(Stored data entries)
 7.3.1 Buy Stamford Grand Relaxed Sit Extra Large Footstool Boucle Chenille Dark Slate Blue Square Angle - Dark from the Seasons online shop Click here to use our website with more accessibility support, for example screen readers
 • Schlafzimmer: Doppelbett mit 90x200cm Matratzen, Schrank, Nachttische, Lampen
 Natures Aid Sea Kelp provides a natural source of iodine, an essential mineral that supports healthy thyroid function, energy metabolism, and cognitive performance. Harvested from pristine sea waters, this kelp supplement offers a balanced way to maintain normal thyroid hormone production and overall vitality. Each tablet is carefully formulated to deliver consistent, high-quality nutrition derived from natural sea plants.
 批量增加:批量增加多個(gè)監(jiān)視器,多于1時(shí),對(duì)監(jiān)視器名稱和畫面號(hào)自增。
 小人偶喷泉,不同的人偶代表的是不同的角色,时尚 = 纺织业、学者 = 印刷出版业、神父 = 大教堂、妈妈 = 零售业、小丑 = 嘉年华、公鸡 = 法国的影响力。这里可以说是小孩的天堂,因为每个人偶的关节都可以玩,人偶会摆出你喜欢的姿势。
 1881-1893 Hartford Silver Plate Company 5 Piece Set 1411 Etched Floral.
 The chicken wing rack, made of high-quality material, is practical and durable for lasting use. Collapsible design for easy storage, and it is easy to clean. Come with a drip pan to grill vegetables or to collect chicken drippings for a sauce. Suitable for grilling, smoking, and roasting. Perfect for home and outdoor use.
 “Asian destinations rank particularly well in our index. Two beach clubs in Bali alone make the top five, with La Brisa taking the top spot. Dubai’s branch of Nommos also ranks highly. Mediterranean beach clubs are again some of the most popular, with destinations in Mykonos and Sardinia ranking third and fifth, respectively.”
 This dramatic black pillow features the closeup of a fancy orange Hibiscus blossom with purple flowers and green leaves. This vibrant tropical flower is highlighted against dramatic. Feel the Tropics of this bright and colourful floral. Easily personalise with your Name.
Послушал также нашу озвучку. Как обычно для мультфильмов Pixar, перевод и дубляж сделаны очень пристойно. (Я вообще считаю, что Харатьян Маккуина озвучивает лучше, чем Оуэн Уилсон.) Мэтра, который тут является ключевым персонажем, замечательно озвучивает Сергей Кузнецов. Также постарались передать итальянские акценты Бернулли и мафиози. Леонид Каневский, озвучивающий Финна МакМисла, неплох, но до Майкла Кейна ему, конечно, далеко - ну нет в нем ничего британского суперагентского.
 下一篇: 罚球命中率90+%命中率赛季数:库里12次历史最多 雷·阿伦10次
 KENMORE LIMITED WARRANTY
...
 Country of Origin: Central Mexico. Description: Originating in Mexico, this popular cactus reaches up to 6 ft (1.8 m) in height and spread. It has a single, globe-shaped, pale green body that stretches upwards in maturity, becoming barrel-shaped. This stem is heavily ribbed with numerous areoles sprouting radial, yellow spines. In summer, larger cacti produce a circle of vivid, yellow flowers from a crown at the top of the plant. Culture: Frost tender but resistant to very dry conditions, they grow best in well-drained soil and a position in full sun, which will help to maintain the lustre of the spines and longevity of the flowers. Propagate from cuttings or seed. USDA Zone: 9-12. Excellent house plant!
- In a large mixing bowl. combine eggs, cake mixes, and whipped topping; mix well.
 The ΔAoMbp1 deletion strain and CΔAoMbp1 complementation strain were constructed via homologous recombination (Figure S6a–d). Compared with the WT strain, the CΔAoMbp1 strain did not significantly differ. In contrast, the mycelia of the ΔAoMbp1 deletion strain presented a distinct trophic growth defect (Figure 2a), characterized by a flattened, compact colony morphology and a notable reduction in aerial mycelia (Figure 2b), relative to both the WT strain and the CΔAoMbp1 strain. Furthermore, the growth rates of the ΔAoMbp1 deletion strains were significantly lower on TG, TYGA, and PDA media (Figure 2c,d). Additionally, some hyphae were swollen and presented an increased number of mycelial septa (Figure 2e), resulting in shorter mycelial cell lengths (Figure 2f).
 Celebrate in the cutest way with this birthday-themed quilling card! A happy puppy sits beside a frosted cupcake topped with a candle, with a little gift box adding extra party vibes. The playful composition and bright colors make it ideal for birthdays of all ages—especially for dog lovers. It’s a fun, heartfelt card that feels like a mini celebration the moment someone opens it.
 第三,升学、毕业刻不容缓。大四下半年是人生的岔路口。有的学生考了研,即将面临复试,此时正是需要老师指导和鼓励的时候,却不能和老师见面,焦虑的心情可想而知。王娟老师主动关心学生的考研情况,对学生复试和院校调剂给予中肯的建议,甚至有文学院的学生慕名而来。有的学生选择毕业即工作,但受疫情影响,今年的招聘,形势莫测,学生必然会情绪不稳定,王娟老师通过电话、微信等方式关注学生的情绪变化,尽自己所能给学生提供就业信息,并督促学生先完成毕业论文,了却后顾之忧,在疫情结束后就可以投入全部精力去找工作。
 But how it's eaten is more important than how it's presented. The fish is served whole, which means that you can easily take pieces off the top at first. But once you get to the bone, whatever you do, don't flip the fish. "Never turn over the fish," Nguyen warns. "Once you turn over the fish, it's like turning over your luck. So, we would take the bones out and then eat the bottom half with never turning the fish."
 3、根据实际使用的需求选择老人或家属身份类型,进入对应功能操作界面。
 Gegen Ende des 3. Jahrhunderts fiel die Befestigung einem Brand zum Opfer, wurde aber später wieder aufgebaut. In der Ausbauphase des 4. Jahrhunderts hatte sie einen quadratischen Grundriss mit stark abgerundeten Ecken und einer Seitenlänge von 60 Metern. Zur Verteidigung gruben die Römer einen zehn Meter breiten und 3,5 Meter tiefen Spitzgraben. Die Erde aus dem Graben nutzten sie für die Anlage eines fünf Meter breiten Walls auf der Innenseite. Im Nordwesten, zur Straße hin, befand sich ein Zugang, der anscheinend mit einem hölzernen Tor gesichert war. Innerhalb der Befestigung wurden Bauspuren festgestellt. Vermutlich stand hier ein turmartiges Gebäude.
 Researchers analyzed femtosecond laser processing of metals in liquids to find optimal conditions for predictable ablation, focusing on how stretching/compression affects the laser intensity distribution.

ABOUT THIS TASK: Reproduce the entries above exactly, but only the lines between the line holding "3、根据实际使用的需求选择老人或家属身份类型,进入对应功能操作界面。" and the line holding "Researchers analyzed femtosecond", inclusive.

SOLUTION TO THE EXERCISE:
 3、根据实际使用的需求选择老人或家属身份类型,进入对应功能操作界面。
 Gegen Ende des 3. Jahrhunderts fiel die Befestigung einem Brand zum Opfer, wurde aber später wieder aufgebaut. In der Ausbauphase des 4. Jahrhunderts hatte sie einen quadratischen Grundriss mit stark abgerundeten Ecken und einer Seitenlänge von 60 Metern. Zur Verteidigung gruben die Römer einen zehn Meter breiten und 3,5 Meter tiefen Spitzgraben. Die Erde aus dem Graben nutzten sie für die Anlage eines fünf Meter breiten Walls auf der Innenseite. Im Nordwesten, zur Straße hin, befand sich ein Zugang, der anscheinend mit einem hölzernen Tor gesichert war. Innerhalb der Befestigung wurden Bauspuren festgestellt. Vermutlich stand hier ein turmartiges Gebäude.
 Researchers analyzed femtosecond laser processing of metals in liquids to find optimal conditions for predictable ablation, focusing on how stretching/compression affects the laser intensity distribution.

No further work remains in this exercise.